Task item →
Within the entries below, please return exactly the lines from the one with "DW Collectors Pure" through the one with "Billet France 500", leaving out any pictures.

Input data →
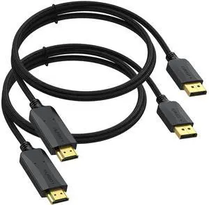 DisplayPort to HDMI Cable 6 feet 2-Pack, 4K Display Port DP to HDMI Display Adapter Male to Male Cord UHD 4K, 2K,1080P, Gold-Plated Braided Support Video and Audio for Dell, HP, NVIDIA,Samsung, More
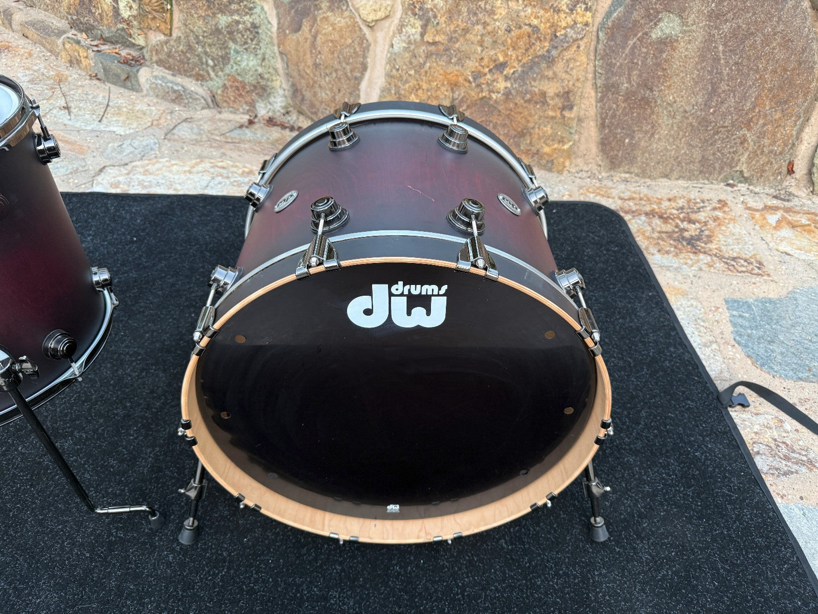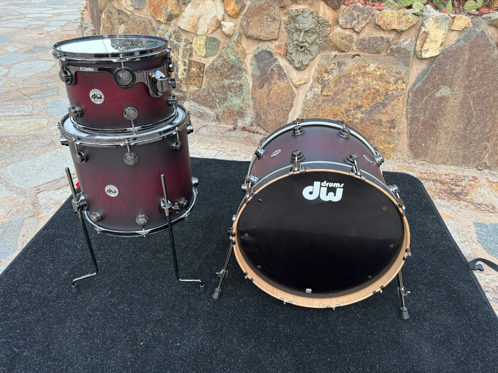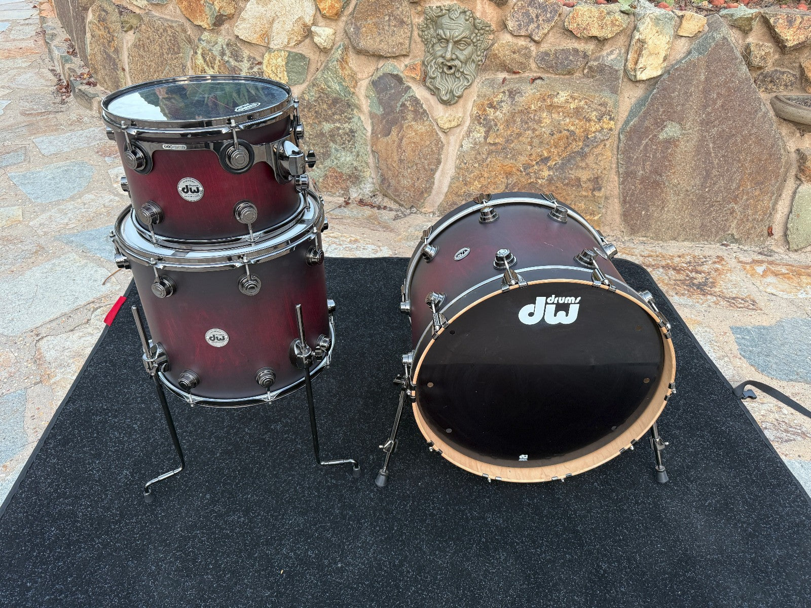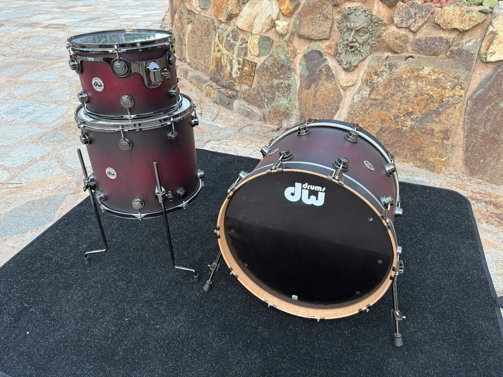 DW Collectors Pure Maple Cherry to Black Burst Satin Chrome 3 piece Drum Set kit
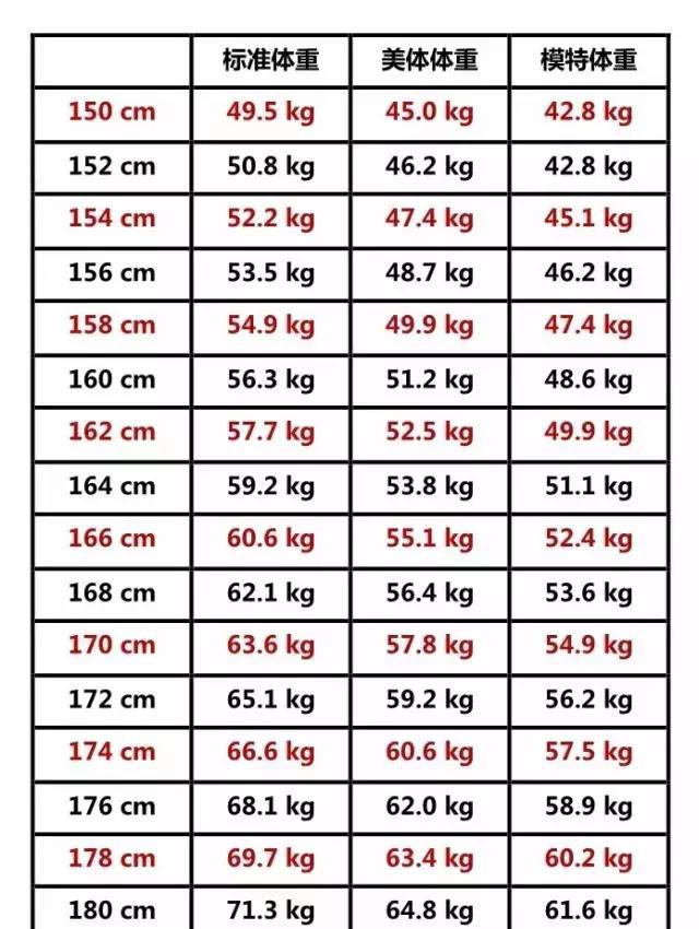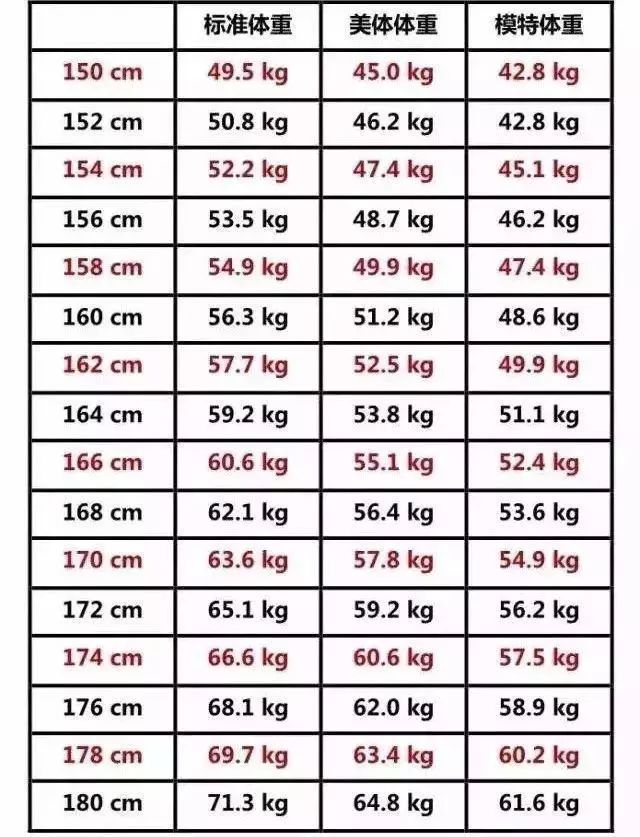 2018标准体重对照表,身高150-180cm的妹子请入座,也许你还挺瘦
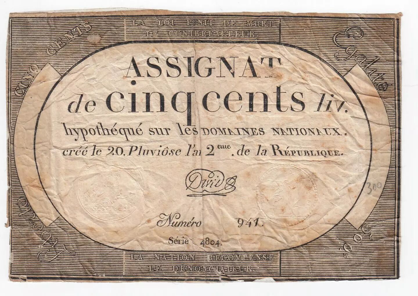 Billet France 500 Livres 20 Pluviose An II (8.2.1794) - Sign. David
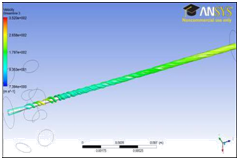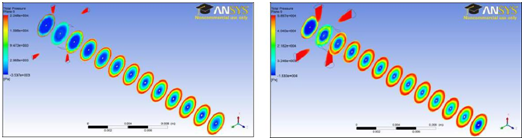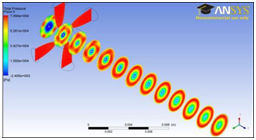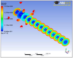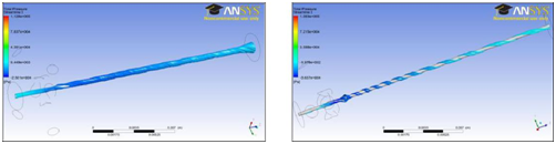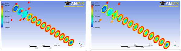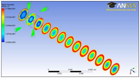 According to the CFX analysis, Mach number is 0.6-0.64 at the injectors, 0.19-0.55 at the nozzle inlet while 0.18-0.63 at the nozzle outlet. Although Mach number shows a large distribution at the nozzle inlet and outlet, the values concentrate on 0.46 at the nozzle inlet and 0.3 at the outlet. According to the Mach number values, the flow velocity is lower than the speed of sound and the speed can be called as subsonic. Regarding with the numerical analysis of the airflow in the nozzles, it was stated that Mach number is large and changing with the range of 0.6-0.9 for 2.5×105 Pa Guo et al.9-11
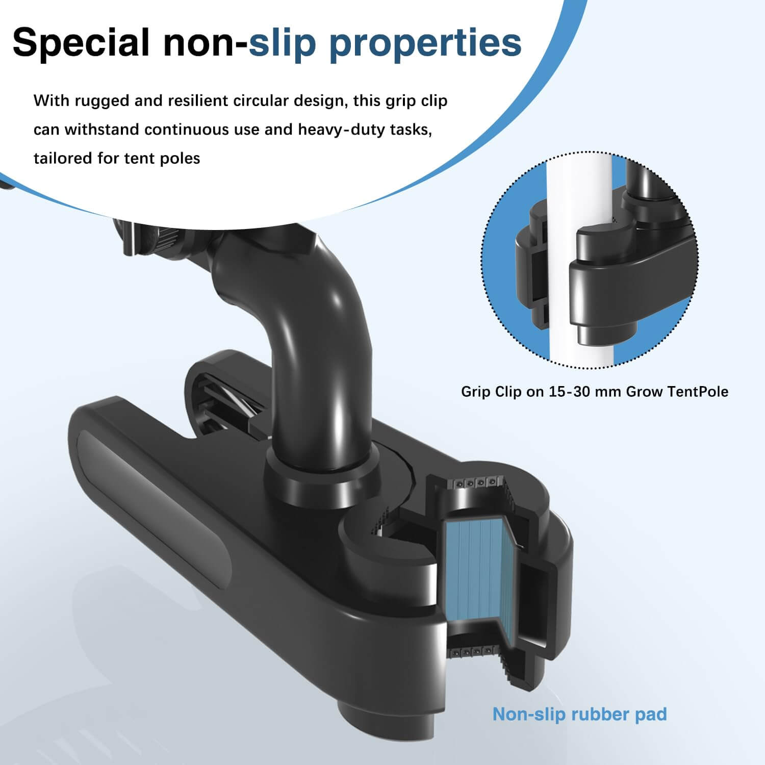 Močna pritrditev: Nastavek s sponko ima debelo gumirano podlogo, ki ščiti palice (16–22 mm) pred praskami ter drži ventilator stabilno.
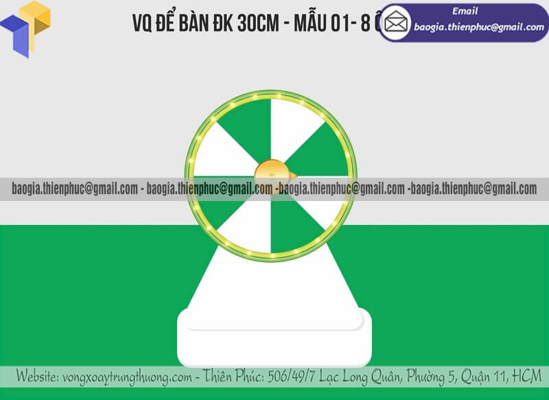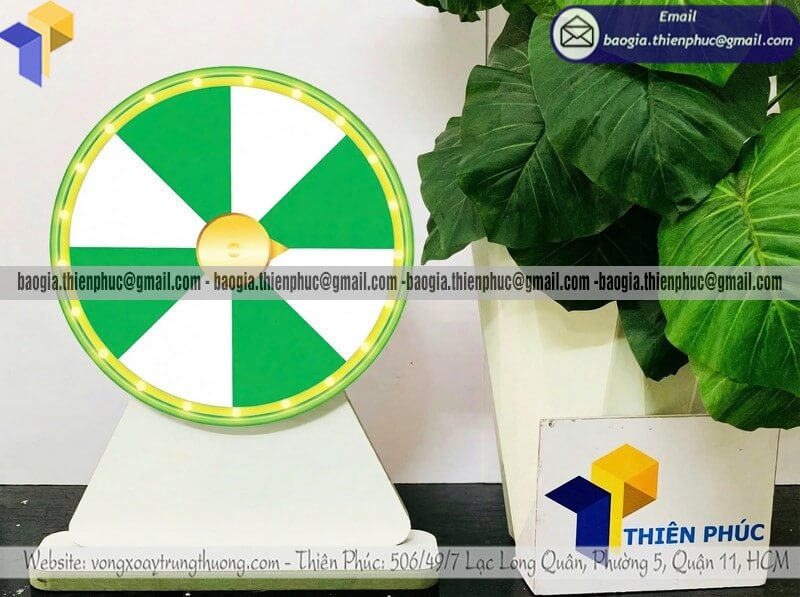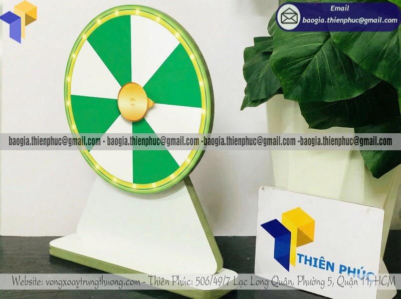 Nơi bán vòng xoay để bàn quay thưởng may mắn theo yêu cầu là đơn vị trực tiếp thiết kế – gia công – sản xuất vòng xoay mini để bàn theo đúng mong muốn của khách hàng, từ kích thước, chất liệu, màu sắc đến nội dung ô thưởng.
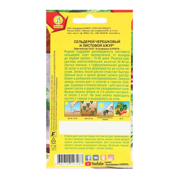 Кудрявая разновидность листового сельдерея. Сорт раннеспелый, от всходов до первой срезки – 75-80 дней. Розетка компактная, многостебельная, высотой 30- 40 см. Лист нежный, с гофрированными долями. За сезон в розетке формируется до сотни листьев. Зелень после срезки отрастает быстро. Пряный вкус и крепкий аромат зелени востребован в домашнем консервировании. Свежую зелень используют в салатах и горячих блюдах. Сушеную и измельченную – для приготовления соусов и душистой сельдерейной соли. Выход свежей зелени за 3-4 срезки составляет около 3 кг/м 2 . На зиму можно пересадить кустик в горшок и выращивать на окне.
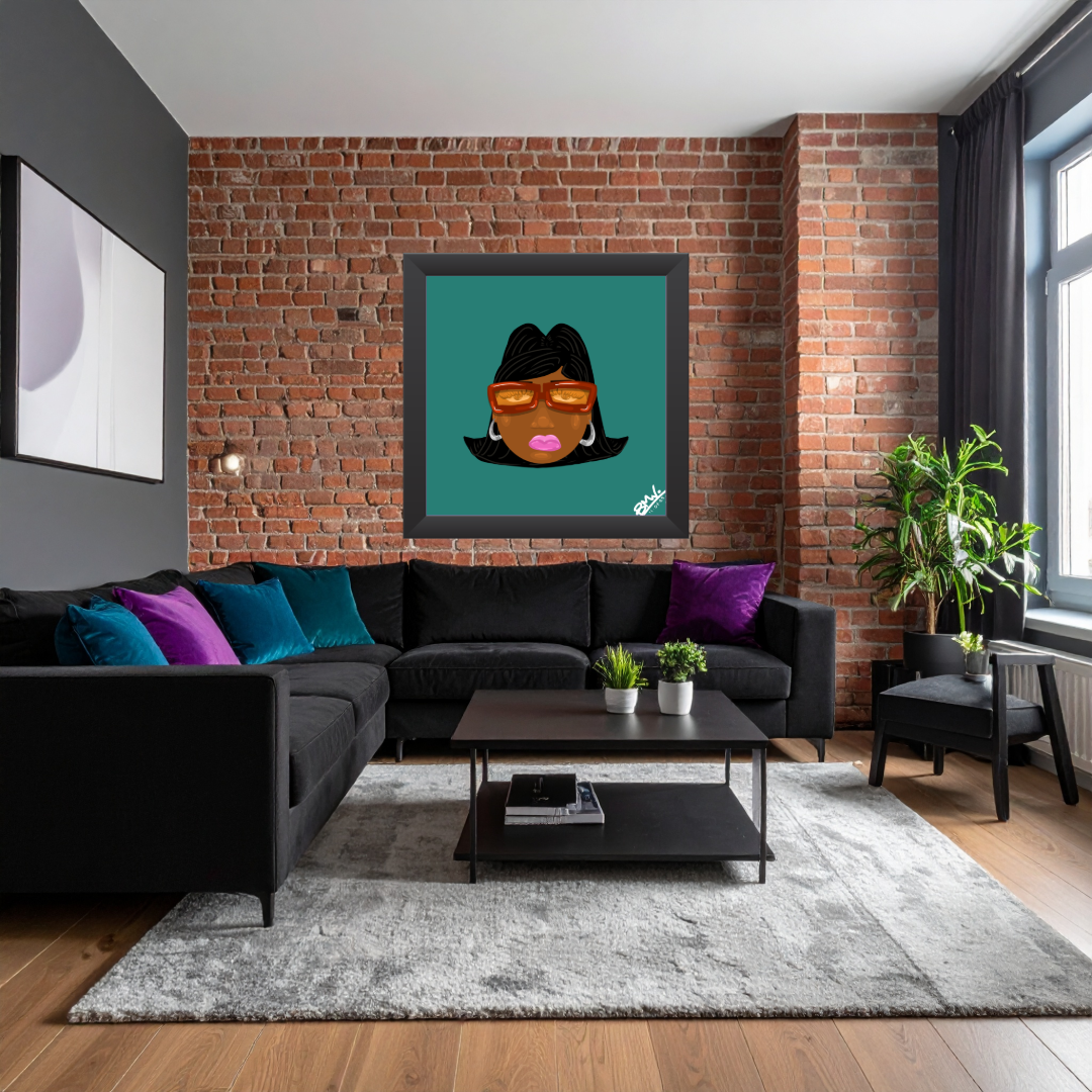 A bold, gallery-ready fine art poster that celebrates confident, modern style. Warm brown skin tones and oversized amber sunglasses sit against a deep teal field, creating a striking, minimalist portrait that feels both playful and poised. Printed using giclée techniques and REACH-certified inks on acid-free 220 gsm gallery paper, the matte surface keeps colors rich and reflections low — perfect for framed displays or pared-back wall arrangements. Available in multiple orientations and sizes, this piece brings a calm, stylish presence to living rooms, studios, or entryways where curated, personality-driven art matters.
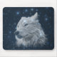 Wolf face with a fractalius filter digitally applied in a background of a starry night sky mouse pad
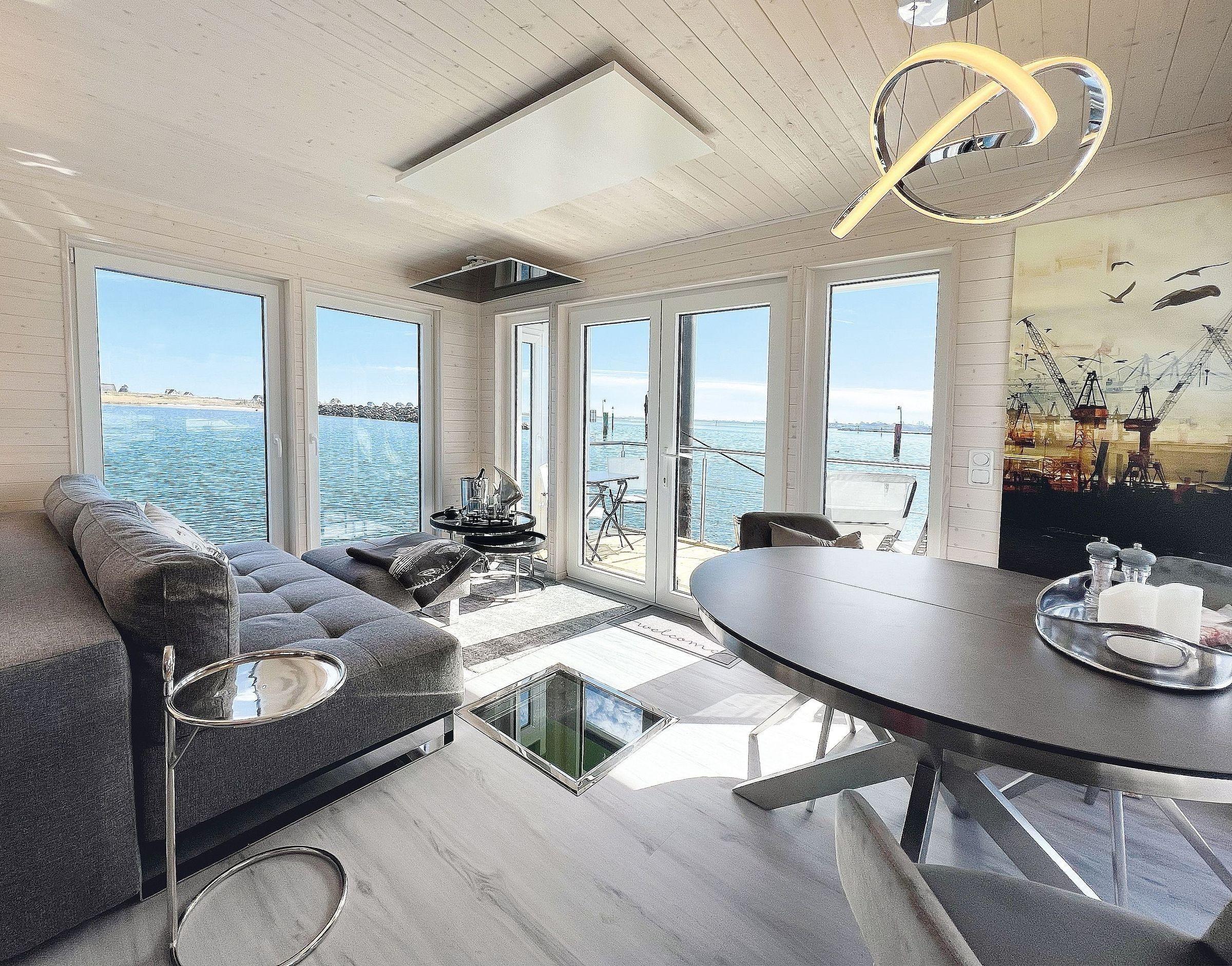 Das Hausboot der Marke 'Sundeck' liegt fest im Yachthafen Heiligenhafen an der Ostsee Spietze für Sie bereit und wird von den Gästen nicht gefahren, daher ist kein Bootsführerschein notwendig.

Response area →
 DW Collectors Pure Maple Cherry to Black Burst Satin Chrome 3 piece Drum Set kit
 2018标准体重对照表,身高150-180cm的妹子请入座,也许你还挺瘦
 Billet France 500 Livres 20 Pluviose An II (8.2.1794) - Sign. David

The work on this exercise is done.